GOAL OF THE EXERCISE:
Below is a listing with pictures in it; transcribe exactly the lines from the one that has "П _ _ _ (Инструмент писателя)" through the one that has "Μετά ἀπό πολλά", and omit those pictures.

DATA LISTING:
- Opening Delimiter -

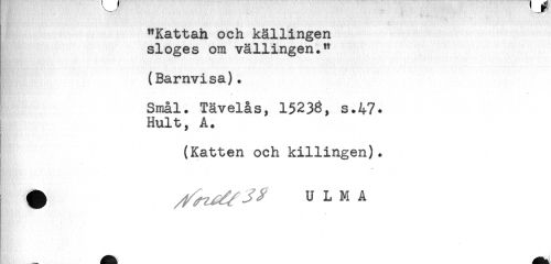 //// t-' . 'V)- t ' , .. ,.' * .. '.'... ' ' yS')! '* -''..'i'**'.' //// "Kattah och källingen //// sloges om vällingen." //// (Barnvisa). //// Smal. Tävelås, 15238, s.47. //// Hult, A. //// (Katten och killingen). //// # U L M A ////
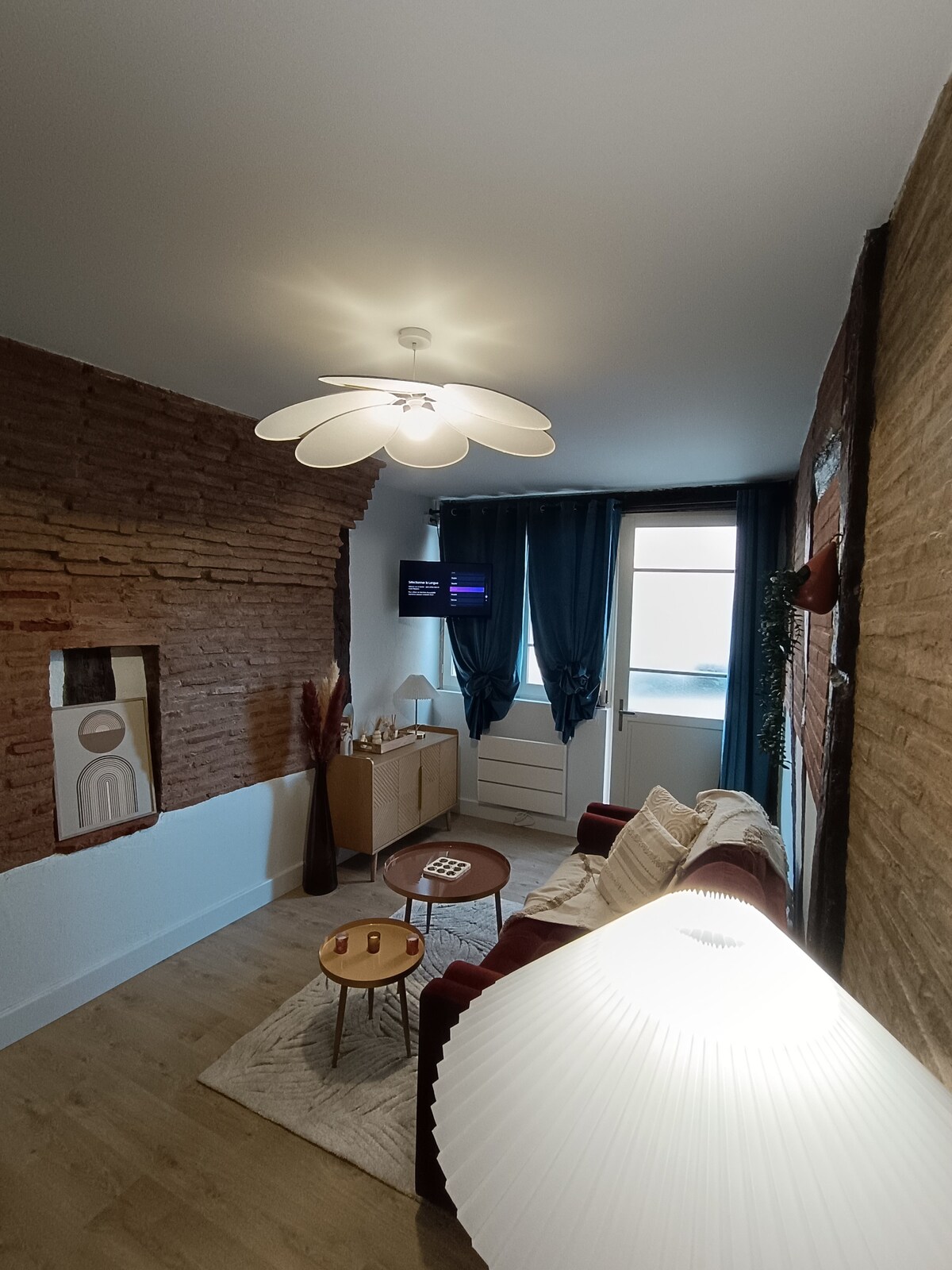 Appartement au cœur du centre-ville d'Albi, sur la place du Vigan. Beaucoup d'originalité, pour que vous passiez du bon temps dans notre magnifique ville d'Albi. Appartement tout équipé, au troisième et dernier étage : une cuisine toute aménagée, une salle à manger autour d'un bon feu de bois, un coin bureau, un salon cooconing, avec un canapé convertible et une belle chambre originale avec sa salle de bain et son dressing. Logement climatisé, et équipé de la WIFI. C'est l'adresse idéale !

- Closing Delimiter -
- Opening Delimiter -

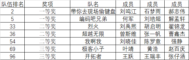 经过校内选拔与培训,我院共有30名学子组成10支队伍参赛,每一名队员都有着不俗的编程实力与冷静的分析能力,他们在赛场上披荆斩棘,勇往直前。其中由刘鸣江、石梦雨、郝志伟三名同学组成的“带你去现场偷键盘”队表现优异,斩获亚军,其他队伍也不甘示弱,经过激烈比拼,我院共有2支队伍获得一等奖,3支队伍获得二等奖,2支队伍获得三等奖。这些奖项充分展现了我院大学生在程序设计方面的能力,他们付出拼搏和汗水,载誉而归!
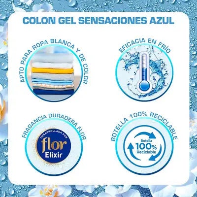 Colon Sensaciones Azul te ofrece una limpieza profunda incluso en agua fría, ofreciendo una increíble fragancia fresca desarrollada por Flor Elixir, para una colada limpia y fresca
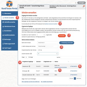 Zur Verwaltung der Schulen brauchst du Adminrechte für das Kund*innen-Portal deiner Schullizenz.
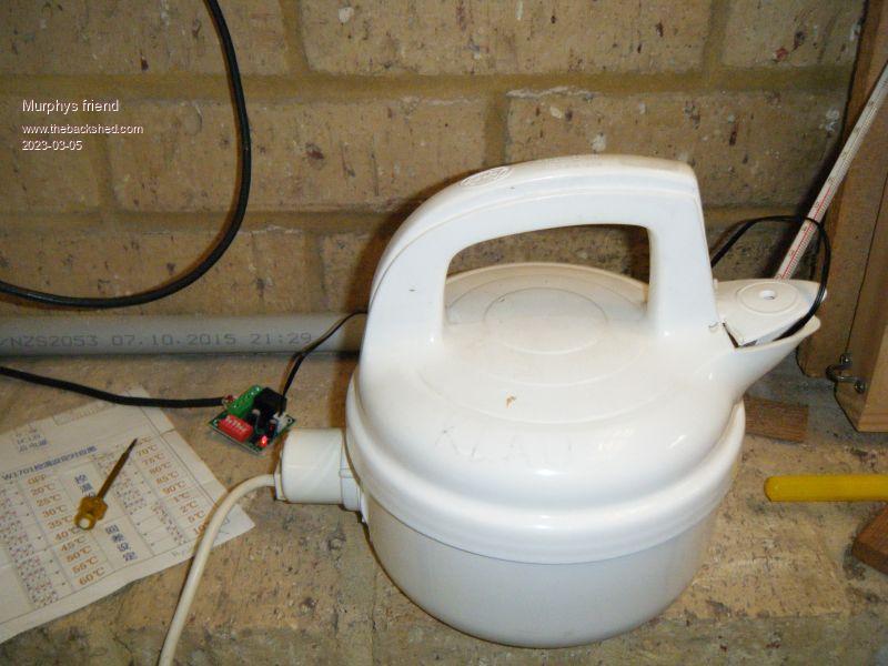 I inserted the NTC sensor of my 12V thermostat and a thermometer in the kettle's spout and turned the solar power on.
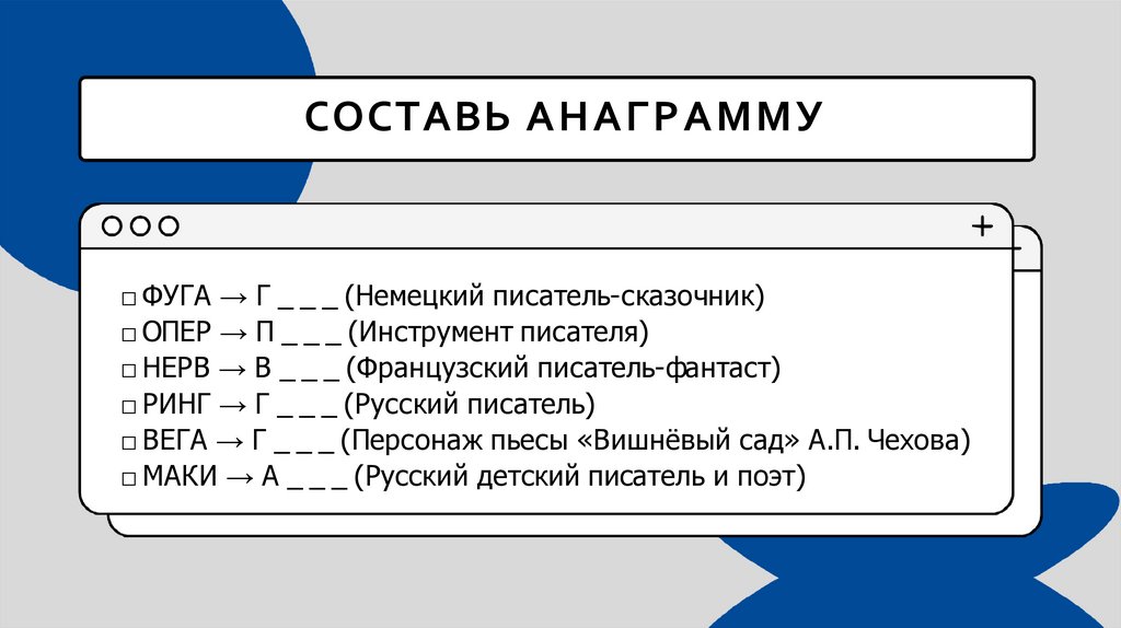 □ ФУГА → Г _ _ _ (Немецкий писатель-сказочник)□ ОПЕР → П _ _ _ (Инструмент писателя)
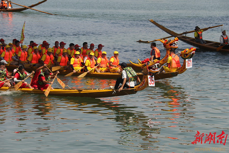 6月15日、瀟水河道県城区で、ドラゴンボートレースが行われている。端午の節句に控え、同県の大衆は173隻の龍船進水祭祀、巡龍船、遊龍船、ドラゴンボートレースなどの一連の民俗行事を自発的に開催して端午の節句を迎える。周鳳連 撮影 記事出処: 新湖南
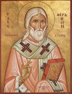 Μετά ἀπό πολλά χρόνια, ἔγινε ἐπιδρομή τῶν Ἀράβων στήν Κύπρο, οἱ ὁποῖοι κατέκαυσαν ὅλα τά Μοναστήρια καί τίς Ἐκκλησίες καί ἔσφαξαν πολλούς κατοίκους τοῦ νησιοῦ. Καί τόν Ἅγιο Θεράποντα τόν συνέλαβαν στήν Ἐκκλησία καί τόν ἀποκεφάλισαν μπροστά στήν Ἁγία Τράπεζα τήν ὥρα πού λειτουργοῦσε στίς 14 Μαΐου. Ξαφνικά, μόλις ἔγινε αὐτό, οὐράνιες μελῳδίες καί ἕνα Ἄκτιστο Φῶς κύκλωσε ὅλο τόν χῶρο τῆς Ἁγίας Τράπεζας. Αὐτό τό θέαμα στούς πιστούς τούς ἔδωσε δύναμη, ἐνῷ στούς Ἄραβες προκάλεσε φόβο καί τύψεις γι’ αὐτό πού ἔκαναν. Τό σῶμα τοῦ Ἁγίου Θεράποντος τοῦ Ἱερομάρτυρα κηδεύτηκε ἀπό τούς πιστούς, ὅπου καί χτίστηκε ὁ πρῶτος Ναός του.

- Closing Delimiter -

REPLY TO THE TASK:
 □ ФУГА → Г _ _ _ (Немецкий писатель-сказочник)□ ОПЕР → П _ _ _ (Инструмент писателя)
 6月15日、瀟水河道県城区で、ドラゴンボートレースが行われている。端午の節句に控え、同県の大衆は173隻の龍船進水祭祀、巡龍船、遊龍船、ドラゴンボートレースなどの一連の民俗行事を自発的に開催して端午の節句を迎える。周鳳連 撮影 記事出処: 新湖南
 Μετά ἀπό πολλά χρόνια, ἔγινε ἐπιδρομή τῶν Ἀράβων στήν Κύπρο, οἱ ὁποῖοι κατέκαυσαν ὅλα τά Μοναστήρια καί τίς Ἐκκλησίες καί ἔσφαξαν πολλούς κατοίκους τοῦ νησιοῦ. Καί τόν Ἅγιο Θεράποντα τόν συνέλαβαν στήν Ἐκκλησία καί τόν ἀποκεφάλισαν μπροστά στήν Ἁγία Τράπεζα τήν ὥρα πού λειτουργοῦσε στίς 14 Μαΐου. Ξαφνικά, μόλις ἔγινε αὐτό, οὐράνιες μελῳδίες καί ἕνα Ἄκτιστο Φῶς κύκλωσε ὅλο τόν χῶρο τῆς Ἁγίας Τράπεζας. Αὐτό τό θέαμα στούς πιστούς τούς ἔδωσε δύναμη, ἐνῷ στούς Ἄραβες προκάλεσε φόβο καί τύψεις γι’ αὐτό πού ἔκαναν. Τό σῶμα τοῦ Ἁγίου Θεράποντος τοῦ Ἱερομάρτυρα κηδεύτηκε ἀπό τούς πιστούς, ὅπου καί χτίστηκε ὁ πρῶτος Ναός του.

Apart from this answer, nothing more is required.